Work instruction
Below are records. Find each line in them that holds the word "Péguy" and copy it.

Data to examine
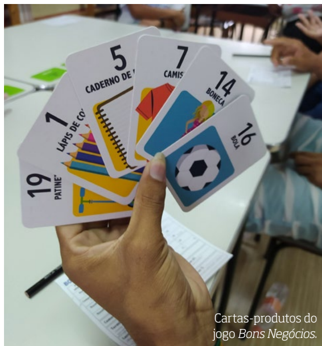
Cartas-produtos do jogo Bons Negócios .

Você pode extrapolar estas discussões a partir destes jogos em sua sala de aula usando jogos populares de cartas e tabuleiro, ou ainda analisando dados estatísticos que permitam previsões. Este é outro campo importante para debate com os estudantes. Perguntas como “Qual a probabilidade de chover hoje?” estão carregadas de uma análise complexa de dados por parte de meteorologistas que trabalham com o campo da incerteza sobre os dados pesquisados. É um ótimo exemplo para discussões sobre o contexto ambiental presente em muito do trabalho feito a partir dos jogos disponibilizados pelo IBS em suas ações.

---

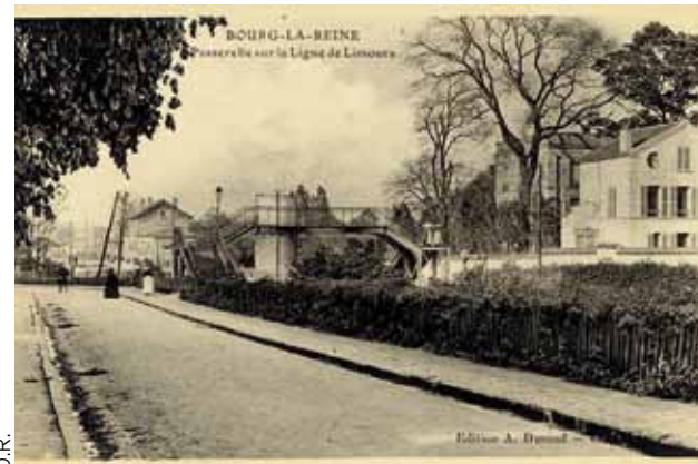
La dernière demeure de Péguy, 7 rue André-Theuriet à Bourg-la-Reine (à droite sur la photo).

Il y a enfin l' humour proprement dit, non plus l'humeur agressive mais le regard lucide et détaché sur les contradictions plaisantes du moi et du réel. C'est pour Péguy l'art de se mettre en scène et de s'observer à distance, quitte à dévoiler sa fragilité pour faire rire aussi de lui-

* * *

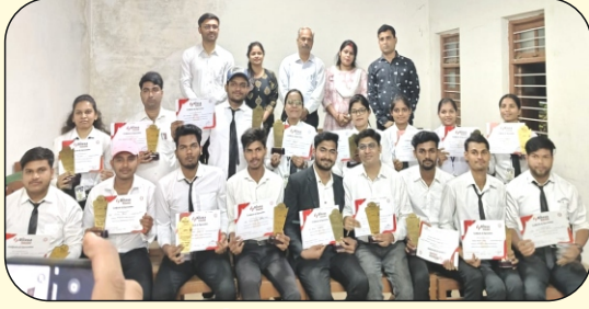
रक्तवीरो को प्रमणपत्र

Reply to the task
La dernière demeure de Péguy, 7 rue André-Theuriet à Bourg-la-Reine (à droite sur la photo).
Il y a enfin l' humour proprement dit, non plus l'humeur agressive mais le regard lucide et détaché sur les contradictions plaisantes du moi et du réel. C'est pour Péguy l'art de se mettre en scène et de s'observer à distance, quitte à dévoiler sa fragilité pour faire rire aussi de lui-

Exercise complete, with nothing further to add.